Such patterning is further disclosed, of course, when the investigator, having completed his measurement of single properties, proceeds to examine the positive or negative correlations between properties. References to the devil and to writing may be found to go together in certain folk tales; or a psychotherapy patient may tend to dissociate his thoughts of mother from his thoughts of homosexuality (e.g., Osgood's contingency analysis in Work Conference in Content Analysis 1959, pp. 54–78). Some content analysts apply statistical tests to estimate the likelihood that such correlations are due entirely to chance, although there are often problems of appropriateness of the particular tests (as when the several communications of selected individuals may not meet the assumptions of statistical independence).

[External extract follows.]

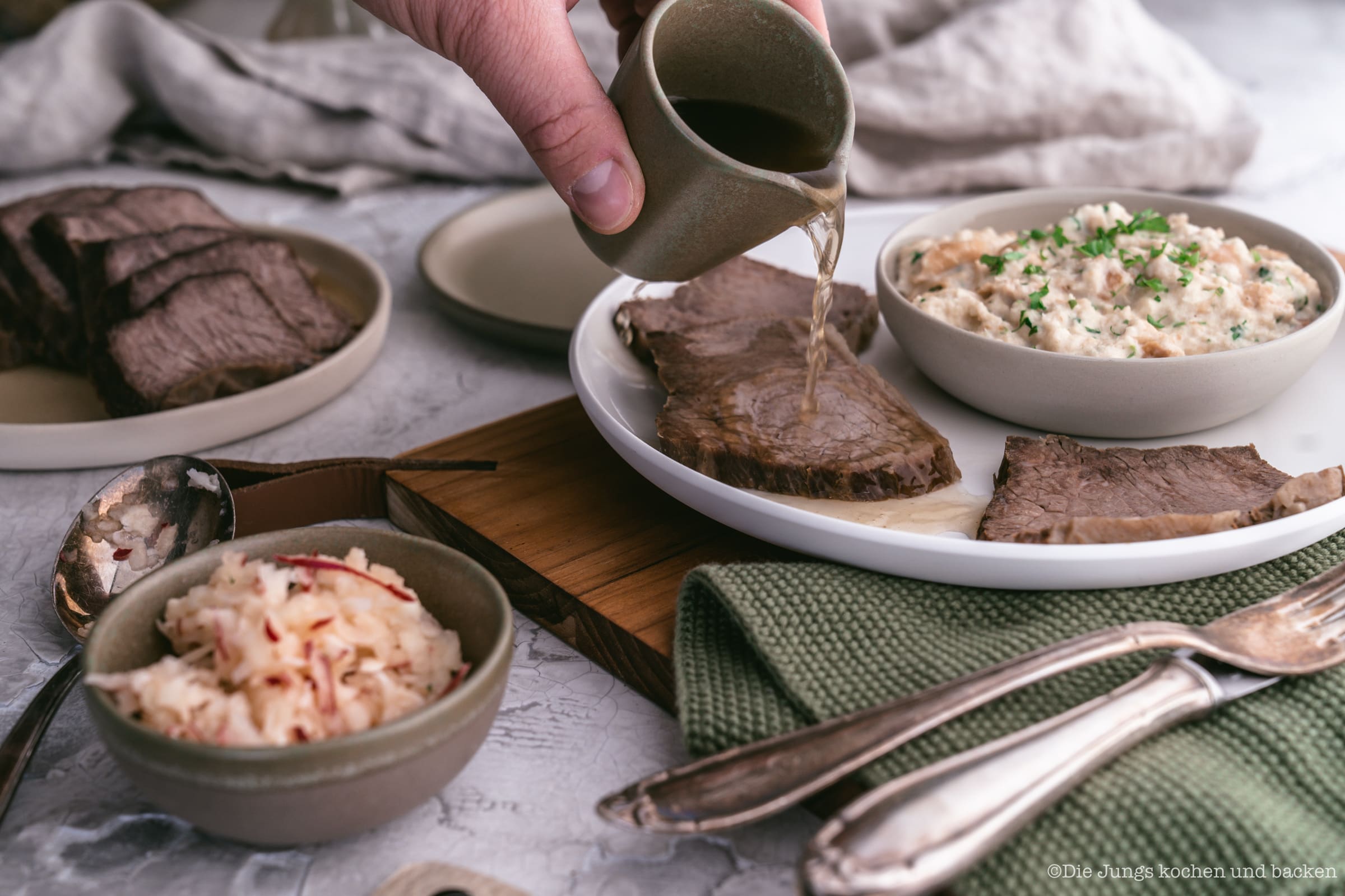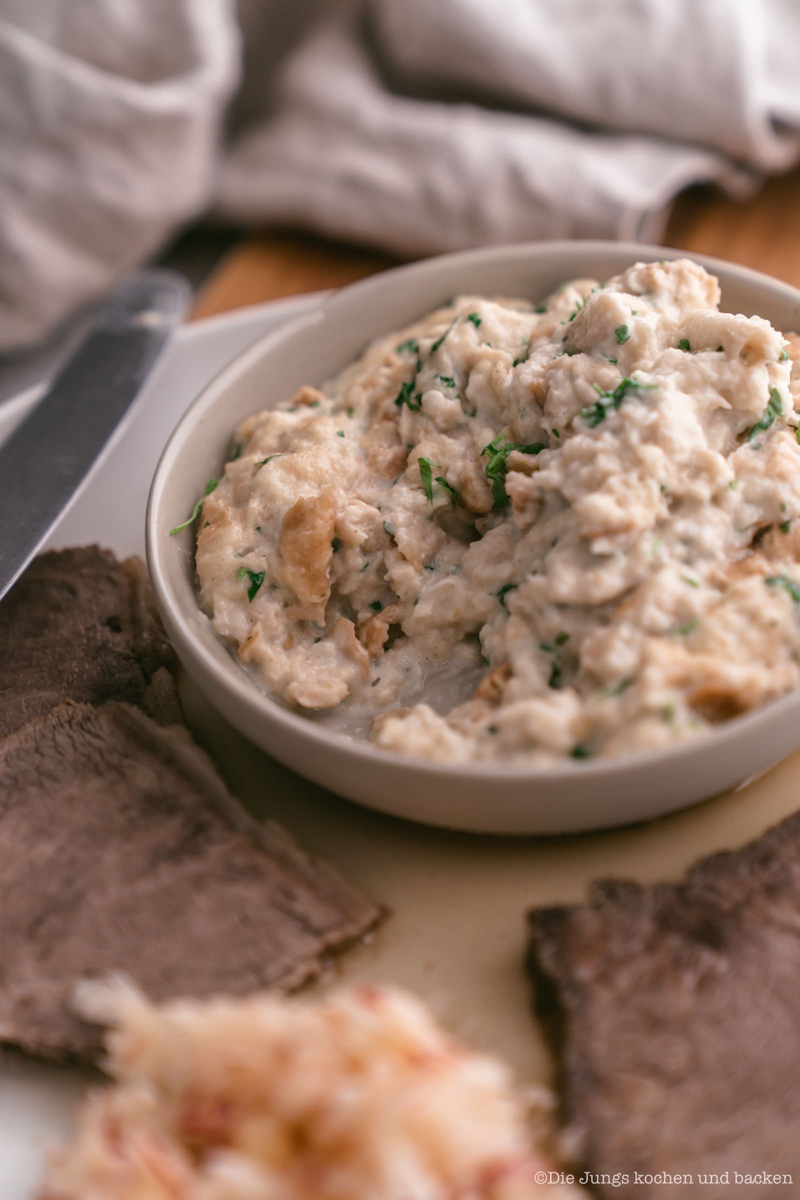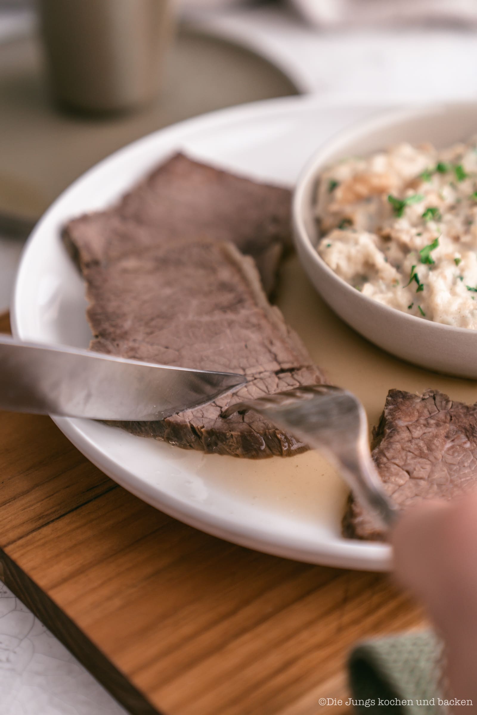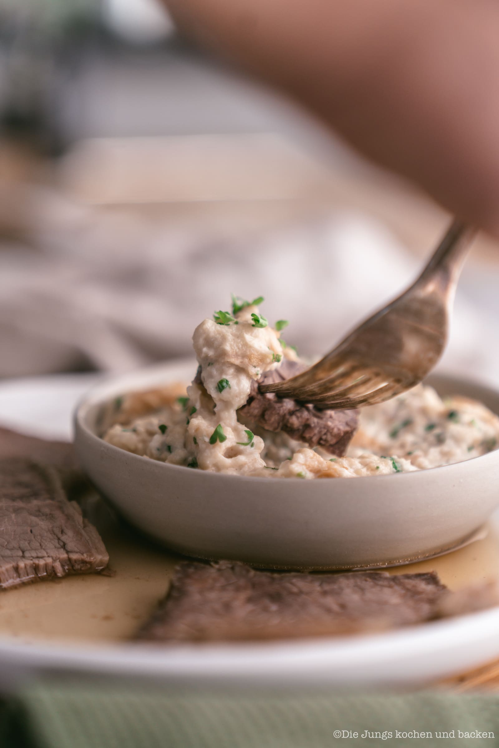 Als erstes ist da natürlich die Rinderbrühe, die beim Kochen des Tafelspitz quasi als Nebenprodukt entsteht. Die haben wir zu Hause früher nie dazu gegessen, sondern separat als Vorspeise verputzt. Dann haben wir einen super saftigen und fruchtigen Apfelkren zubereitet. Das ist schon ein scharfer Knaller und für mich genau das Richtige. Aber das Highlight von Sascha ist definitiv der Semmelkren. Unfassbar lecker! Das, was auf unserem Teller dann noch fehlt, ist die “Altwiener Schnittlauchsauce”. Aber die werden wir euch auch noch demnächst einmal zeigen, denn wir finden, dass die auch zu vielen anderen Gerichten perfekt passt und nicht zwangsläufig zum Tafelspitz serviert werden muss.

Utility of composite measurement. The characteristic two-stage measurement procedure of first coding and then combining content units often enhances the precision possible in simple over-all measurement, while intercoder reliability is reportedly high. Coding rules can be defined more specifically and coding decisions made more easily for a small content unit than for an entire communication (see Schneider & Dornbusch 1958, pp. 165–169, for a comparison of global ratings of entire books with paragraph-by-paragraph ratings of the same books). Although the detailed procedure is typically more time consuming and laborious, computer programs will without doubt be increasingly used to expedite a number of these operations (e.g., the General Inquirer system for content analysis, Stone et al. 1962). Mathematically, the composite measure is quantitative, a characteristic which often facilitates its use in relation to other measures. Even though each act or unit of meaning may be coded on a nominal scale (described in words as favorable or unfavorable, showing or not showing solidarity, etc.) at the first stage of the procedure, at the second stage, when all these codes are combined, the resultant measure consists of numbers or proportions (of remarks that are favorable or of group activities that show solidarity). Such numerical data are used to classify the individuals or groups along scales that are at least at the ordinal level.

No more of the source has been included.